# Living in Arroyo



## spicyp (Apr 10, 2008)

Hello, I'm new to this forum and this is my first post, so a big hello to you all from Scotland

My husband and I are hoping to relocate to Arroyo de la Miel on Costa Del sol later this year or sooner if we can get our business over here sold.

I have investigated schools for my son and more or less decided which one we would like him to attend but my next concern is finding somewhere to live (rental) that will have some other children of his age around. He is 14 at the moment. Can anyone offer any advise on how Arroyo would be for this kind of thing? When we visited there last month there did seem to be quite a big British population but its getting the right area, we don't really want to be in a holiday type apartment where your neighbours change every week.

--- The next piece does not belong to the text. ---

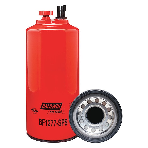 Fuel Filter, Filter Design Spin-On, Fuel/Water Separator Spin-On with Drain, Sensor Port and Reusable Sensor, Micron Rating 25 micron, Height 11 5/8 in, Length 11 5/8 in, Width 4 21/32 in, Outside Dia. 4 21/32 in, Includes Integral Gasket, M14 x 2.0 Thread Sensor Port, Thread Size M85 x 2.0

Any advice greatly appreciated.


----------



## Big Pete (Aug 7, 2007)

spicyp said:


> Hello, I'm new to this forum and this is my first post, so a big hello to you all from Scotland
> 
> My husband and I are hoping to relocate to Arroyo de la Miel on Costa Del sol later this year or sooner if we can get our business over here sold.
> 
> ...


Hi spicy and welcome to the forum

Somebody will come along soon and give you advice as i am unfamilier with the region ..


----------



## spicyp (Apr 10, 2008)

Oh dear, no responses on the Arroyo de la Miel question then. Anyone know of any other similar type areas that are near enough to Benamaldena International College or at least on the bus route?


----------



## Stravinsky (Aug 12, 2007)

spicyp said:


> Oh dear, no responses on the Arroyo de la Miel question then. Anyone know of any other similar type areas that are near enough to Benamaldena International College or at least on the bus route?



Really sorry Spicy, I dont know the area either.


----------



## kaytee (Feb 24, 2008)

Hi Spicy

I'm looking to move over to the Arroyo area when our house has sold (if ever it does). Arroyo is more residential than Benalmadena with both Spanish and Brits. We have friends that are renting in El Pinnillo but I don't know how far that is from your lads school. El Pinnillo is more or less between Benal and Torremolinos.

Sorry I couldn't be more help but will PM you with a couple of rental websites when I find them


----------